Yo no nací sino para quereros;
mi alma os ha cortado a su medida;
por hábito del alma misma os quiero;
cuanto tengo confieso yo deberos;
por vos nací, por vos tengo la vida,
por vos he de morir y por vos muero.

            El encantamiento amoroso no es precisamente un acto voluntario, pues proviene del amado quien liga a través de los ojos, de la voz, la apostura y el recuerdo de los arquetipos. Giordano Bruno en De los vínculos trata el tema de la vinculación y expone el proceso: entrada, contacto, vínculo y atracción que culmina en el ardor amoroso, con mayor razón si se trata de un deseo correspondido.

Entonces, la primera movida será la entrada, la segunda el contacto, la tercera el vínculo, la cuarta será la atracción.
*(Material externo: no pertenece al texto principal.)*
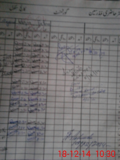 | CNIC | Full Name | Designation | R/C | Absence During Last Calender Month |
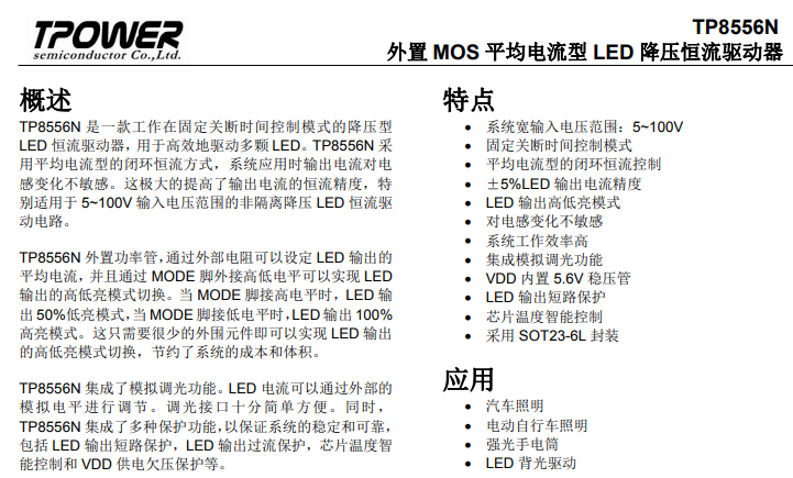 天源TP8556汽車LED恒流IC,高功率 上電120W,穩定工作在75W左右車燈芯片

El vinculado se encuentra con el vinculante por la apertura de todos los sentidos, al punto tal que, realizada la ligazón perfecta, se transfiere en su totalidad al vinculante, o arde en el deseo de hacerlo, cuando se trata de vínculos de atracción recíproca.[3]

            Ambos filósofos, Agrippa y Bruno, concuerdan en que una vez cautivada el alma, el vinculado no será más de sí mismo, dejará de pertenecerse y será del vinculante. El cuerpo quedará sin alma ya que ésta le pertenece al amado, que existe por partida doble: es de sí mismo y el otro es suyo. Tema central de la vinculación amorosa es el apoderamiento, el que se hace dueño de otro y ese otro, amante o vinculado queda expuesto a un sinfín de situaciones: desde la embriaguez que produciría la correspondencia hasta los peores desabrimientos, consecuencia de la tiranía y no correspondencia del amado. Las rimas de desengaño de Pedro Soto de Rojas son excelente ejemplo del sufrimiento por amor:

Que como soy tu esclavo si me privo
De tu presencia, entre memorias tristes
Me aprisiona el amor por fugitivo.

            La lírica amorosa mencionada es el ejemplo literario claro de que así es, de que la amada vinculante será dueña y señora del vinculado y será motivo e inspiración de su poesía, más evidente cuando no corresponde. De la no correspondencia surge la sinrazón o estados como la melancolía y la cólera. El deseo no se realizará y las causas pueden ser diversas: la no correspondencia por tiranía[4] del vinculante, la no declaración del sentimiento o la imposibilidad de confesarlo o simplemente el pretexto para seguir sufriendo y explotando la inspiración producto del sufrimiento.
            Si el deseo se satisface, termina. Bruno lo menciona en sus Vínculos. “Los vínculos de Cupido, urgentes antes del abrazo, luego de una pequeña emisión de semen, se vuelven más lentos y el ardor se aplaca” (De los vínculos: p. 78). El ardor, efectivamente se aplaca, pero existe la posibilidad de que renazca. Por ende, el deseo deberá perpetuarse y sublimarse en la expresión poética, móvil principal de los cancioneros postmedievales, fluctuantes entre el encantamiento, la tristeza, el llanto, la débil esperanza, la melancolía y finalmente, el desengaño.
            María Isabel López Martínez en su libro Los clásicos de los siglos de oro y la inspiración poética afirma que la inspiración lírica es producto de la tristeza que produce la  falta de correspondencia; en el apartado El amor induce a componer, la autora reitera su perspectiva “A veces no es amor quien induce a componer, sino los efectos dolorosos que provoca […] Por lo tanto, el amor y la desazón causan el carácter apesumbrado de los versos y el cese de las alabanzas y de la alegría”.[5]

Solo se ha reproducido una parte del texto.